__Try it__. Repeat every line of the data exactly, but not the pictures.

(Stored entries)
* * * * * * * * *

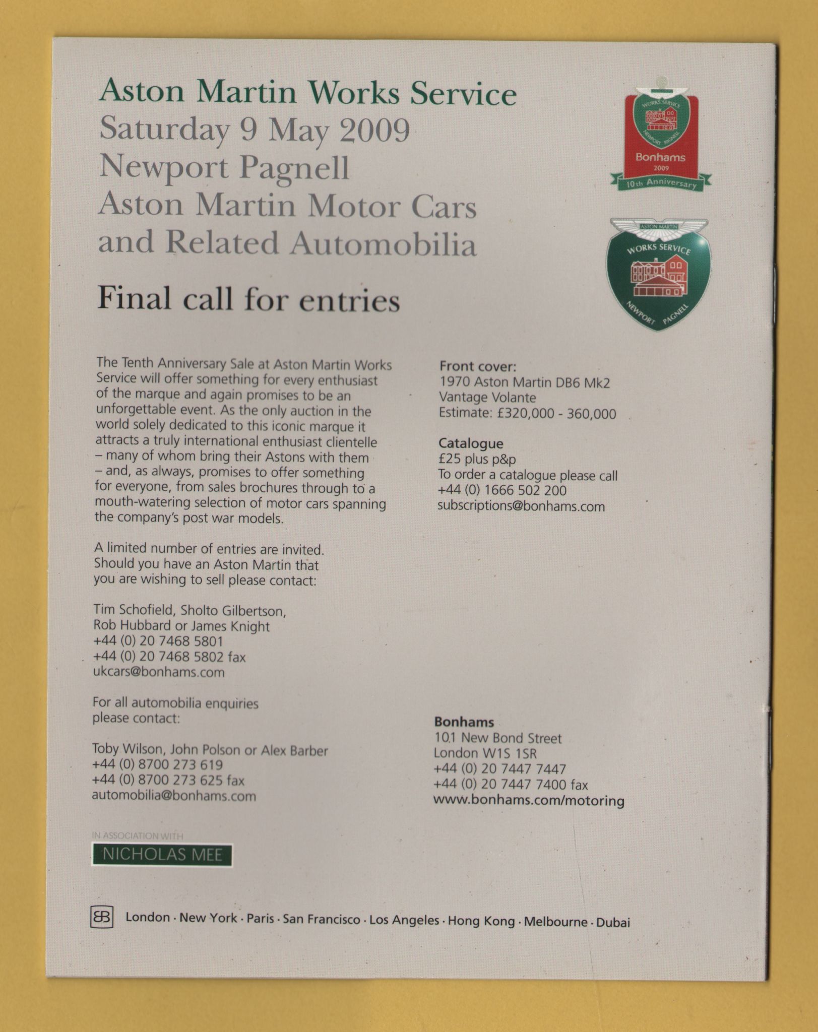 Bonhams - Aston Martin Motor Cars and Related Automobilia -`Final Call For Entries` - Newport Pagnell - Saturday 9 May 2009 Bonhams - Aston Martin Motor Cars and Related Automobilia -`Final Call For Entries` - Newport Pagnell - Saturday 9 May 2009 Bonhams - Aston Martin Motor Cars and Related Automobilia -`Final Call For Entries` - Newport Pagnell - Saturday 9 May 2009
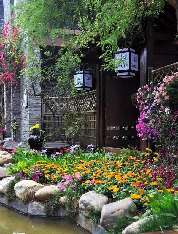 在江南风情的街巷弄堂内处处鲜花盛开、溪流潺潺;漫步其中,心也突然变得安静。
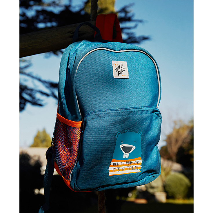 Duke ofruar 7.5 l hapsirë, plus një xhep të jashtëm, kjo çantë ka gjithë hapësirën e nevojshme për të cilën ka nevojë i vogli juaj. Pesha është shpërndarë nëpërmjet rripave, dhe materiali 100% poliester është konform gjithë standardeve të sigurisë – ndërsa logo ” WILD KIDS ” është një detaj që e bën këtë çantë të duket edhe më e veçantë.
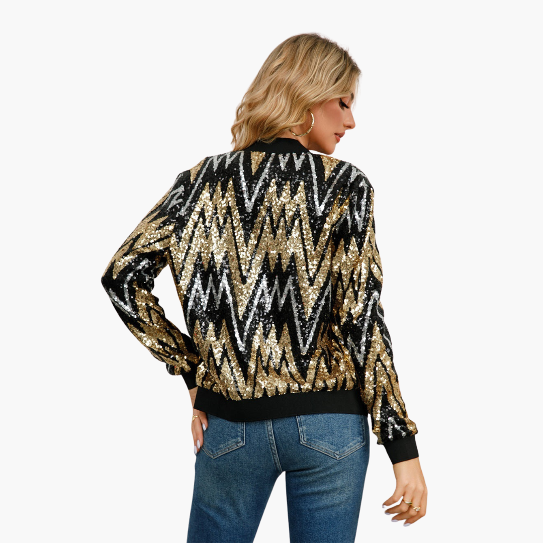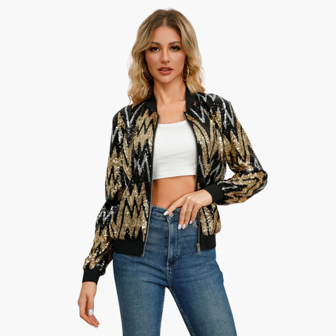 Damen Bomberjacke mit Reißverschluss und Paillettenoberfläche
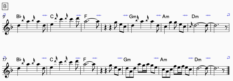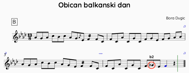 Melodi i B-delen er inspirert av pop, samt jugoslavisk rock. Med at den er inspirert av pop er det at den er lett å synge, samt huske. Den er altså motsetning til den ornament fylte A del tema. Her utnytter jeg ornamentering som jeg lærte av Jovan i en av timene fra desember 2024. Estetikkmessig velger jeg å ornamentere fram og tilbake med toner utenfor skala, samt ornamentere over-under før jeg går til tonen.
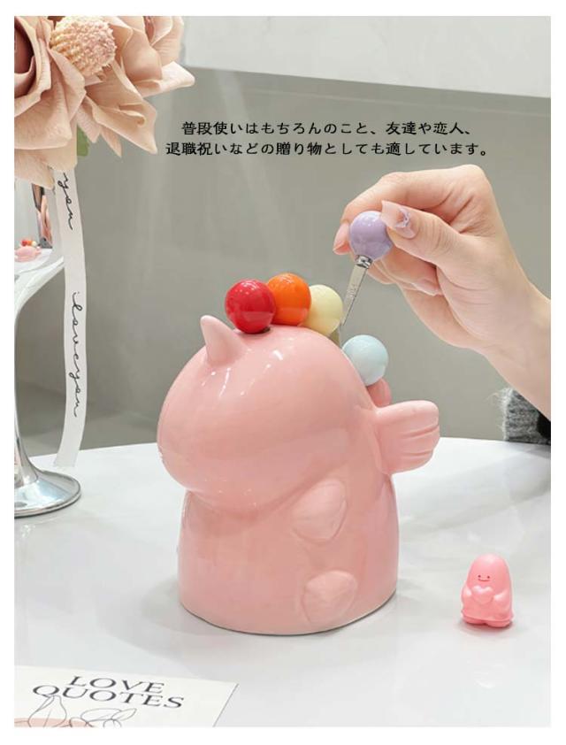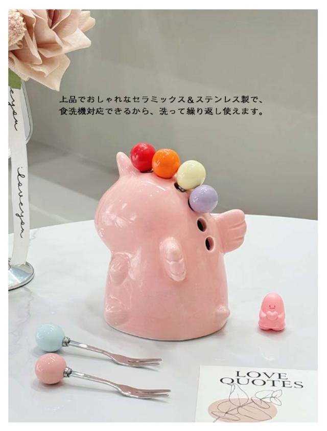 | オブジェとしてもかわいいユニコーン台座付きミニフォークセット。 フルーツやチーズなどのおつまみにピッタリなミニフォーク。 コロンとした持ち手部分が可愛く、持ちやすい。色違いで使い分けもできるから、ご自分専用のフォークにも。 子供用はもちろん、来客用にもおすすめのフルーツフォークです。 人が集まるパーティや食事会、オフィスなどとても便利なミニフォークです。 上品でおしゃれなセラミックス&ステンレス製で、食洗機対応できるから、洗って繰り返し使えます。 普段使いはもちろんのこと、友達や恋人、退職祝いなどの贈り物としても適しています。 食卓に置いているだけで、癒し空間を生み出してくれるフルーツフォークセットです。 | |
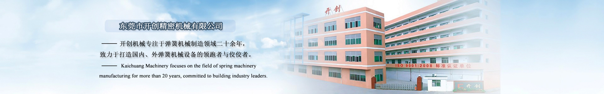 東莞市開(kāi)創(chuàng)精密機(jī)械有限公司(簡(jiǎn)稱(chēng)"開(kāi)創(chuàng)機(jī)械")是中國(guó)機(jī)械工程學(xué)會(huì)彈簧技術(shù)學(xué)組會(huì)員,公司成立于2003年,是一家集研發(fā)、設(shè)計(jì)、生產(chǎn)、銷(xiāo)售與服務(wù)于一體的彈簧設(shè)備生產(chǎn)型企業(yè),是目前國(guó)內(nèi)自主開(kāi)發(fā)數(shù)控彈簧機(jī)種類(lèi)最完善、覆蓋廣的彈簧機(jī)械制造廠家之一。其中,主導(dǎo)機(jī)型涵蓋了線徑φ0.15-20.0mm之間二十多種不同型號(hào)的電腦彈簧機(jī)產(chǎn)品,比如數(shù)控高速卷簧機(jī)(常規(guī)壓簧機(jī)與多軸壓簧機(jī))、數(shù)控萬(wàn)能彈簧機(jī)(常規(guī)八爪彈簧機(jī)與轉(zhuǎn)線彈簧機(jī))與無(wú)凸輪彈簧機(jī)(包括十軸至十四軸無(wú)凸輪機(jī))等數(shù)控彈簧機(jī)設(shè)備,近年新上市機(jī)型KCT-1008深受客戶喜愛(ài),并配套有多種型號(hào)的全自動(dòng)送線架以及彈簧機(jī)刀具/配件等 。
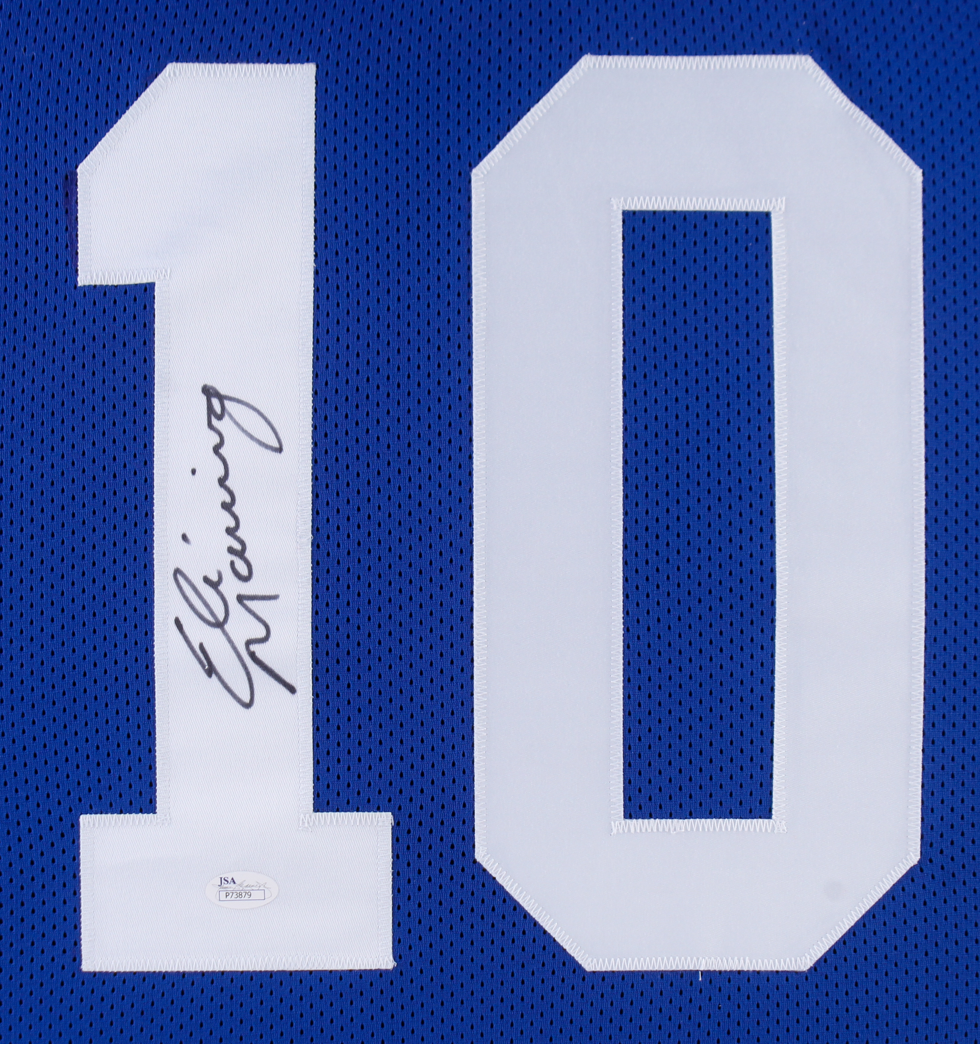 Custom frame measures approximately 31.5" x 35.5" in size and features a jersey which has been hand-signed in black felt-tip pen by Eli Manning.
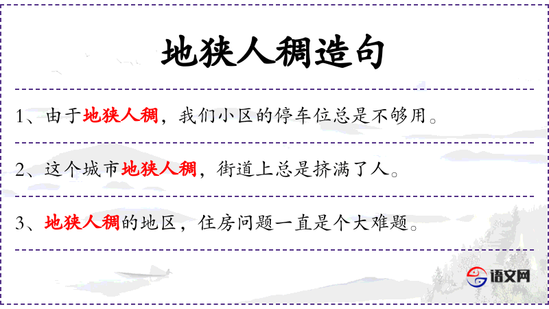 1. 【地狭人稠】 稠:密、多。土地狭窄,人口稠密。即地少人多,非常拥挤。
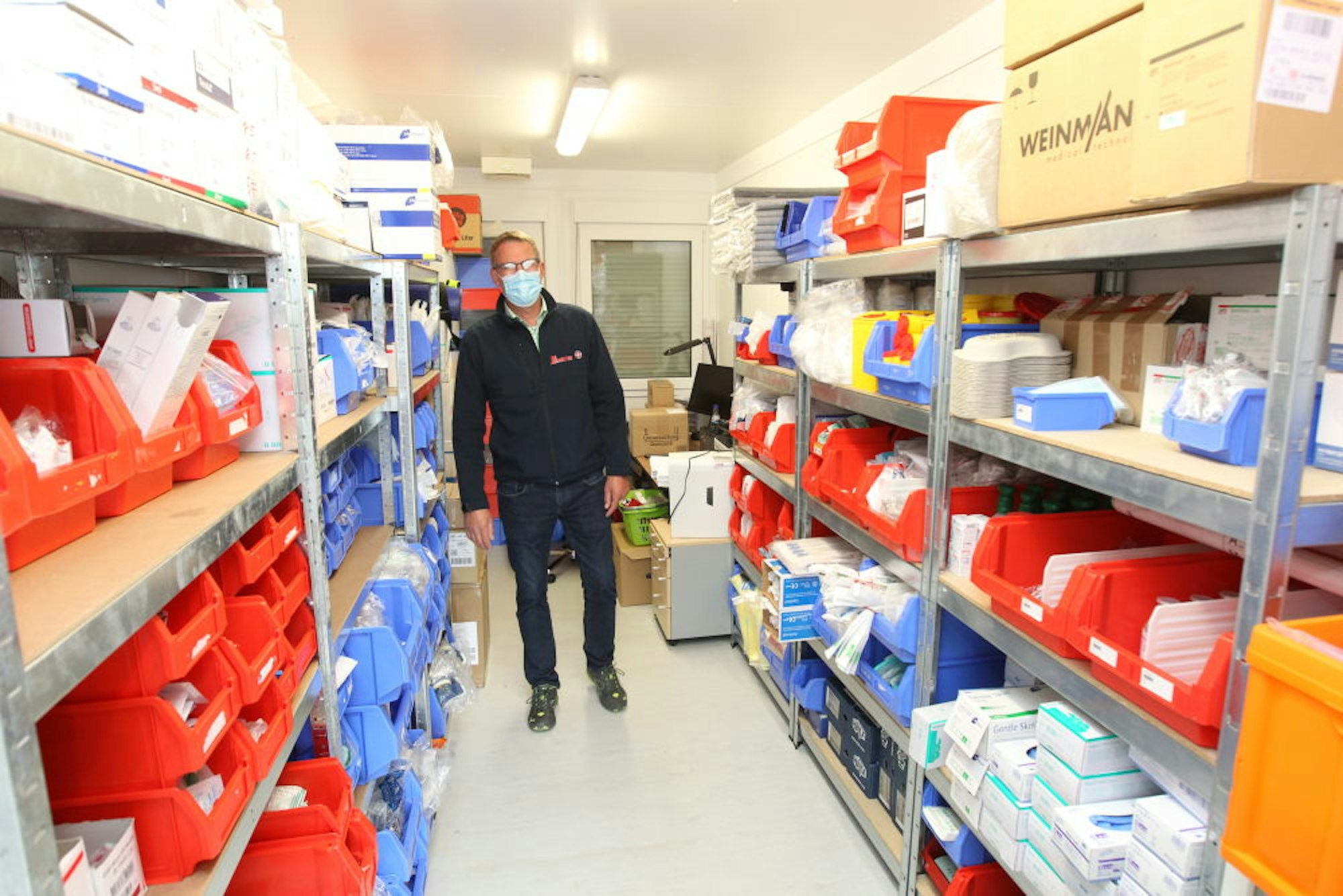 Johanniter-Fachbereichsleiter Ralf Marquardt zeigt den klimatisierten Lagerraum.
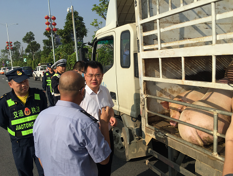 市農業局迅速制定了《臺山市非洲豬瘟聯合檢查工作方案》,于12月2日上午由亓光勇副市長、周堅校局長帶隊,放棄周未休息時間,組織農業、公安、交通運輸、食藥監等部門在臺城高速出口設卡,檢查過往運豬車輛備案情況、檢疫合格證明情況、運輸和消毒臺賬落實情況等等,并對車輛進行消毒。本次聯合行動共出動人員18人次,檢查運豬車輛2輛,檢查生豬72頭。經檢查,所持證照符合要求,臨床檢查的生豬健康。
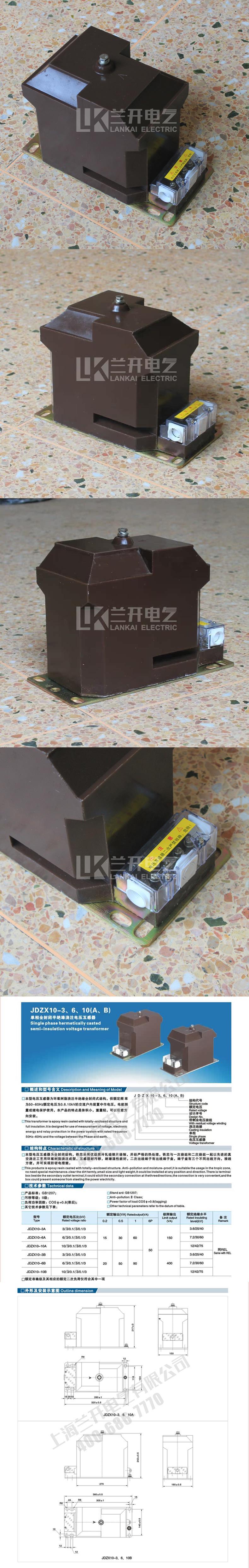 Transformador de tensión monofásico JDZX10-10 en gabinete de alta tensión semiaislado totalmente cerrado de 10 kV para interiores JDZ10-10
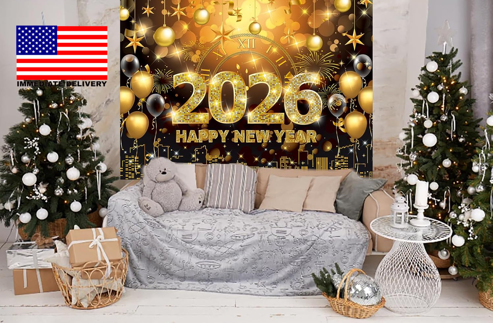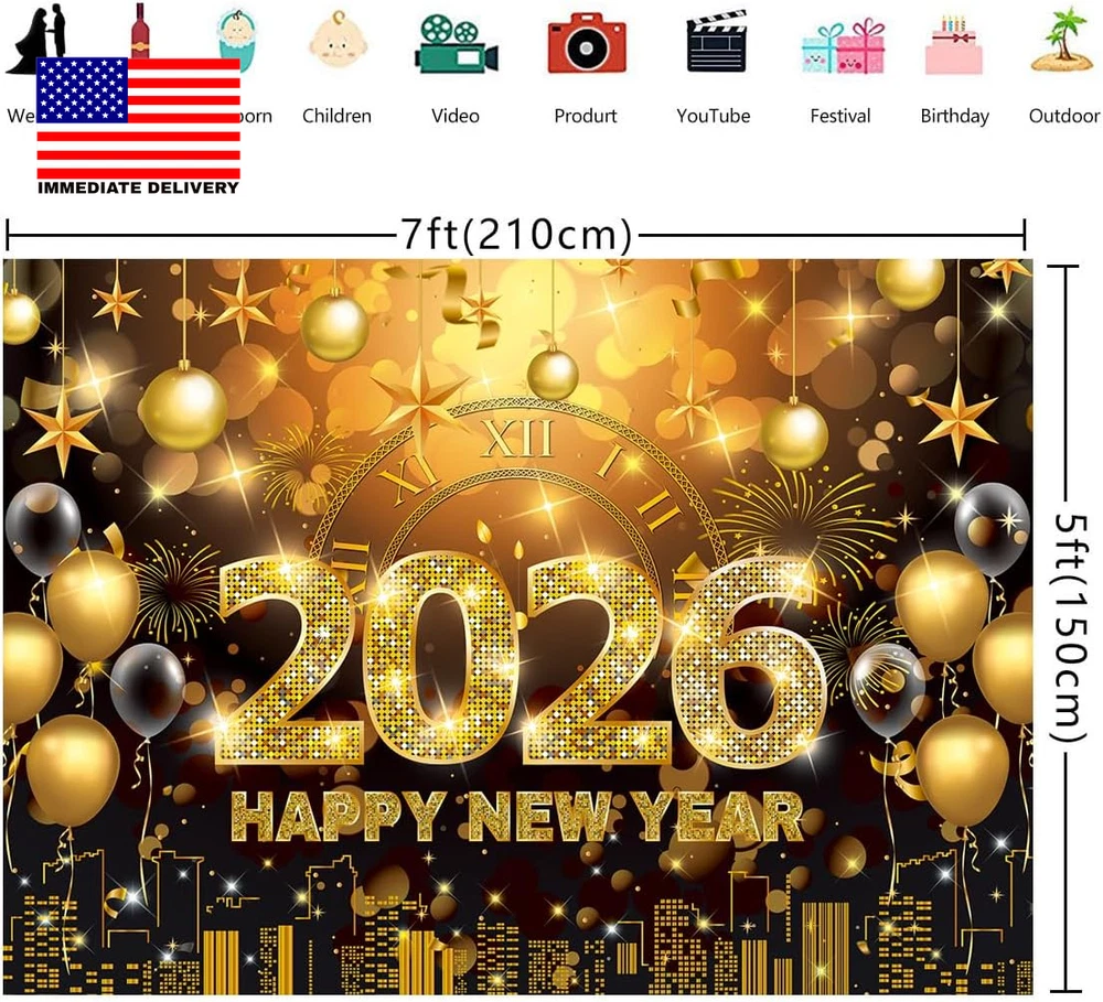 $ 6.96Happy New Year Backdrop 2026 Background Banner Large Size New Years Eve Photo Bo

* * * * * * * * *

__Worked solution__.
 Bonhams - Aston Martin Motor Cars and Related Automobilia -`Final Call For Entries` - Newport Pagnell - Saturday 9 May 2009 Bonhams - Aston Martin Motor Cars and Related Automobilia -`Final Call For Entries` - Newport Pagnell - Saturday 9 May 2009 Bonhams - Aston Martin Motor Cars and Related Automobilia -`Final Call For Entries` - Newport Pagnell - Saturday 9 May 2009
 在江南风情的街巷弄堂内处处鲜花盛开、溪流潺潺;漫步其中,心也突然变得安静。
 Duke ofruar 7.5 l hapsirë, plus një xhep të jashtëm, kjo çantë ka gjithë hapësirën e nevojshme për të cilën ka nevojë i vogli juaj. Pesha është shpërndarë nëpërmjet rripave, dhe materiali 100% poliester është konform gjithë standardeve të sigurisë – ndërsa logo ” WILD KIDS ” është një detaj që e bën këtë çantë të duket edhe më e veçantë.
 Damen Bomberjacke mit Reißverschluss und Paillettenoberfläche
 Melodi i B-delen er inspirert av pop, samt jugoslavisk rock. Med at den er inspirert av pop er det at den er lett å synge, samt huske. Den er altså motsetning til den ornament fylte A del tema. Her utnytter jeg ornamentering som jeg lærte av Jovan i en av timene fra desember 2024. Estetikkmessig velger jeg å ornamentere fram og tilbake med toner utenfor skala, samt ornamentere over-under før jeg går til tonen.
 | オブジェとしてもかわいいユニコーン台座付きミニフォークセット。 フルーツやチーズなどのおつまみにピッタリなミニフォーク。 コロンとした持ち手部分が可愛く、持ちやすい。色違いで使い分けもできるから、ご自分専用のフォークにも。 子供用はもちろん、来客用にもおすすめのフルーツフォークです。 人が集まるパーティや食事会、オフィスなどとても便利なミニフォークです。 上品でおしゃれなセラミックス&ステンレス製で、食洗機対応できるから、洗って繰り返し使えます。 普段使いはもちろんのこと、友達や恋人、退職祝いなどの贈り物としても適しています。 食卓に置いているだけで、癒し空間を生み出してくれるフルーツフォークセットです。 | |
 東莞市開(kāi)創(chuàng)精密機(jī)械有限公司(簡(jiǎn)稱(chēng)"開(kāi)創(chuàng)機(jī)械")是中國(guó)機(jī)械工程學(xué)會(huì)彈簧技術(shù)學(xué)組會(huì)員,公司成立于2003年,是一家集研發(fā)、設(shè)計(jì)、生產(chǎn)、銷(xiāo)售與服務(wù)于一體的彈簧設(shè)備生產(chǎn)型企業(yè),是目前國(guó)內(nèi)自主開(kāi)發(fā)數(shù)控彈簧機(jī)種類(lèi)最完善、覆蓋廣的彈簧機(jī)械制造廠家之一。其中,主導(dǎo)機(jī)型涵蓋了線徑φ0.15-20.0mm之間二十多種不同型號(hào)的電腦彈簧機(jī)產(chǎn)品,比如數(shù)控高速卷簧機(jī)(常規(guī)壓簧機(jī)與多軸壓簧機(jī))、數(shù)控萬(wàn)能彈簧機(jī)(常規(guī)八爪彈簧機(jī)與轉(zhuǎn)線彈簧機(jī))與無(wú)凸輪彈簧機(jī)(包括十軸至十四軸無(wú)凸輪機(jī))等數(shù)控彈簧機(jī)設(shè)備,近年新上市機(jī)型KCT-1008深受客戶喜愛(ài),并配套有多種型號(hào)的全自動(dòng)送線架以及彈簧機(jī)刀具/配件等 。
 Custom frame measures approximately 31.5" x 35.5" in size and features a jersey which has been hand-signed in black felt-tip pen by Eli Manning.
 1. 【地狭人稠】 稠:密、多。土地狭窄,人口稠密。即地少人多,非常拥挤。
 Johanniter-Fachbereichsleiter Ralf Marquardt zeigt den klimatisierten Lagerraum.
 市農業局迅速制定了《臺山市非洲豬瘟聯合檢查工作方案》,于12月2日上午由亓光勇副市長、周堅校局長帶隊,放棄周未休息時間,組織農業、公安、交通運輸、食藥監等部門在臺城高速出口設卡,檢查過往運豬車輛備案情況、檢疫合格證明情況、運輸和消毒臺賬落實情況等等,并對車輛進行消毒。本次聯合行動共出動人員18人次,檢查運豬車輛2輛,檢查生豬72頭。經檢查,所持證照符合要求,臨床檢查的生豬健康。
 Transformador de tensión monofásico JDZX10-10 en gabinete de alta tensión semiaislado totalmente cerrado de 10 kV para interiores JDZ10-10
 $ 6.96Happy New Year Backdrop 2026 Background Banner Large Size New Years Eve Photo Bo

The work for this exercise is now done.